Nachwehen der U-Ausschüsse

„Versagen“ und Nähe zu Russland: ÖVP rechnet in Ausschuss-Berichten mit der FPÖ ab

Der ÖVP-Abgeordnete Andreas Hanger attackiert in seinem Ausschussbericht die FPÖ.
© Eva Manhart/APA

Als letzte Partei legten die Türkisen ihr Fazit zu den Untersuchungsausschüssen vor. Fraktionsführer Andreas Hanger attackiert die Freiheitlichen und Herbert Kickl. Die SPÖ und René Benko interessierten ihn kaum. Die FPÖ ortet bei Hangers Aussagen „Unsinn“.

Wien – Als letzte Partei legte die ÖVP am Freitag ihre Fraktionsberichte zu den jüngsten Untersuchungsausschüssen vor. Fraktionsführer Andreas Hanger fühlt sich bestätigt. Man habe das „System (Herbert) Kickl demaskiert und “eindeutigen blauen Machtmissbrauch“ bewiesen, sagte er.

Getagt haben zwei Ausschüsse. SPÖ und FPÖ hatten verlangt, die Corona-Hilfen, die dafür eingerichtete Agentur Cofag und mutmaßliche Bevorzugung von Milliardären bei der Steuer zu untersuchen. Als Retourkutsche setzte die ÖVP einen U-Ausschuss über angeblichen „rot-blauen Machtmissbrauch“ ein. Die ÖVP konzentrierte sich dabei auf die FPÖ. Für die eingehende Beschäftigung mit der SPÖ habe die Zeit gefehlt, bedauert Hanger.

Die FPÖ habe in Regierungsverantwortung „versagt“, so Hanger: „Das hat sie mehrfach bewiesen.“ Es gebe ein „unglaublich breites Feld an Unfähigkeit und Skandalen“. Etwa bei der Medienpolitik: Die FPÖ habe in der Regierung „ungeniert“ rechtsextreme Medien mit Inseraten versorgt. Zudem habe man versucht mit Inseratengeld in die Berichterstattung einzugreifen. Das Ergebnis sei, dass mittlerweile „fast gegen die gesamte Regierungsmannschaft der Freiheitlichen“ ermittelt werde. Hanger fordert in diesem Zusammenhang die Staatsanwaltschaft auf, „rasch zu einem Ergebnis zu kommen“.

Ebenso beim steirischen Finanzskandal der Freiheitlichen, auch hier dauern die Ermittlungen für Hangers Geschmack schon zu lange. Denn schließlich liegen die Dinge "klar am Tisch", meint Hanger: "Dabei handelt es sich um den größten Parteifinanzskandal der Zweiten Republik". Ein weiterer Beleg für den blauen Machtmissbrauch sieht Hanger in der Personalpolitik im Innenministerium unter FPÖ-Chef Herbert Kickl. Dabei habe es sich um "blauen Postenschacher in Reinkultur" gehandelt. "FPÖ-Günstlinge" seien entgegen der Bewertung durch die Personalkommission an zentrale Stellen gesetzt worden.

"Sorge" bereiten Hanger einmal mehr die Verbindungen der Freiheitlichen zu Russland. Der Vertrag mit der Putin-Partei "Einiges Russland" habe mit dem Angriffskrieg auf die Ukraine neue Bedeutung erhalten. Die FPÖ hätte "klar" versucht, diesen mit Leben zu erfüllen. Etwa sei eine intensive Verwaltungskooperation geplant gewesen, wie sich aus diversen Chats ergebe, argumentierte Hanger.

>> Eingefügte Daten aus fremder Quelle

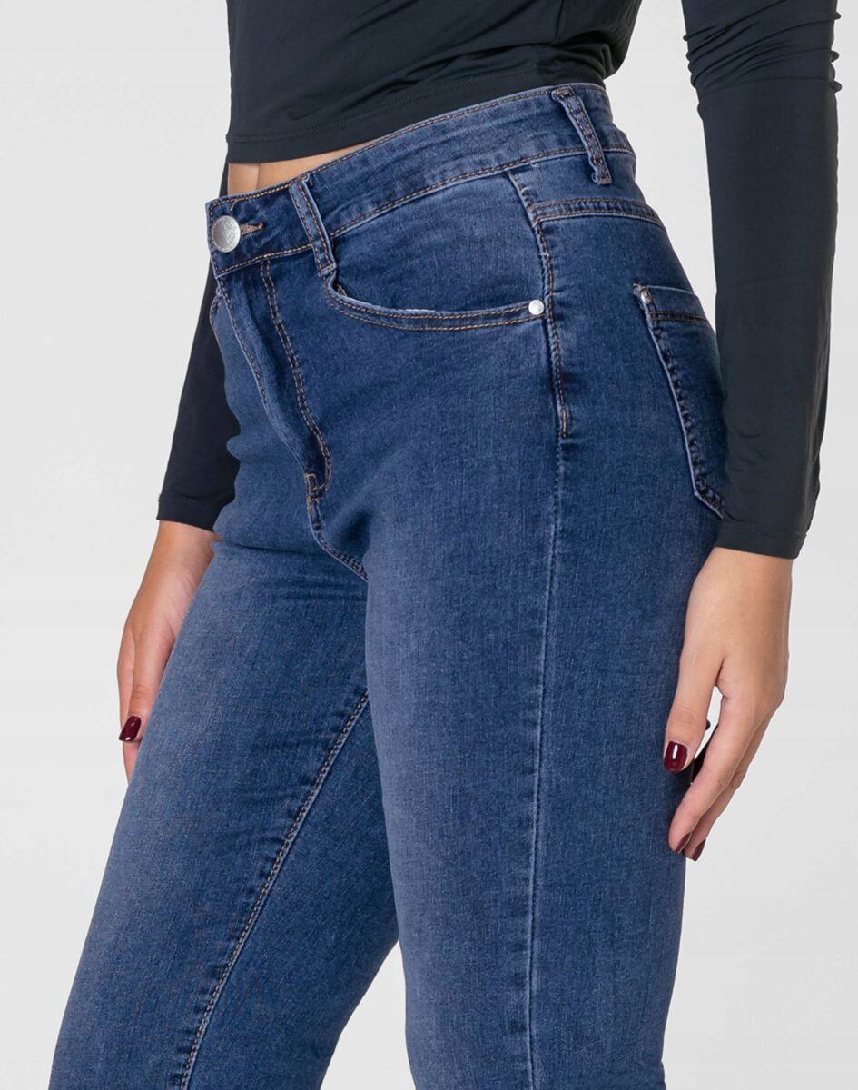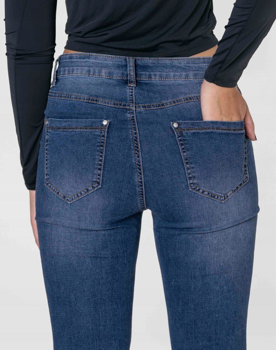 Oferowane przez nas spodnie uszyte są z wysokiej jakości, trwałej i mocnej, elastycznej tkaniny jeansowej „Light Blue Denim Jeans” z domieszką lycry (elastan). Niewielki dodatek lycry sprawia, że spodnie są bardziej elastyczne, ładnie dopasowują się do sylwetki i są bardzo komfortowe w użytkowaniu, a nogi wydają się się optycznie dłuższe. Krótsze nogawki 7/8 i delikatne przetarcia na spodniach nadają stylizacjom ciekawej nonszalancji i zadziorności. Łatwo się je zakłada i są znacznie wygodniejsze od jeansów, które lycry nie mają. Poza tym bawełna ma tendencję do kurczenia się w praniu, dlatego lycra sprawia, że spodnie są wyjątkowo praktyczne i można je bez problemu założyć po wysuszeniu. Pozwalają na pełną swobodę ruchów, co daje wygodę przy siadaniu i zapewnia ogromny komfort noszenia. Możesz je śmiało łączyć zarówno ze szpilkami (idealnie wydłużają kobiece nogi), jak i obuwiem sportowym lub czółenkami na wysokim obcasie, a Twoja stylizacja nabierze wyjątkowego charakteru. Zapewniają poczucie atrakcyjności przy jednoczesnym zachowaniu wygody i pełnej swobody ruchów.

Auch habe Kickl die Schleusen für die Russland-Spionage geöffnet. Nach der Zerschlagung des BVT hätte der unter Spionageverdacht stehende Ex-Verfassungsschützer Egisto Ott in der Neuorganisation eine zentrale Rolle spielen sollen. Auch habe es eine Reihe russlandfreundlicher Anträge der FPÖ im Parlament gegeben.

Besonderes Augenmerk gelte Hanger zufolge auch der "Causa Ideenschmiede", bei der Kickl über einen Treuhandvertrag an einer Werbeagentur beteiligt sei und offenbar von den Gewinnausschüttungen profitiere, dies aber zu verschleiern versuche, so Hanger: "Das sind Dinge, die dringend politisch aufzuklären sind."

„Unsinn“ ortete FPÖ-Fraktionsführer Christian Hafenecker in den Ausführungen Hangers, der sich „offenbar als drittklassiger Fantasy-Autor“ für die Zeit nach der Nationalratswahl empfehlen wolle. Allein schon mit der Einsetzung dieses „Wahlkampf-Untersuchungsausschusses“ habe die ÖVP dieses wichtige parlamentarische Aufklärungsinstrument missbraucht. „Dazu hat die verzweifelte Nehammer-Truppe versucht, gar nicht vom Untersuchungsgegenstand gedeckte Themen in den U-Ausschuss zu zerren, wie die mutmaßliche Russland-Spionage, eine kommunale Finanzaffäre oder längst abgeschlossene Ermittlungen zu einer Werbeagentur“, so Hafenecker. (APA, TT)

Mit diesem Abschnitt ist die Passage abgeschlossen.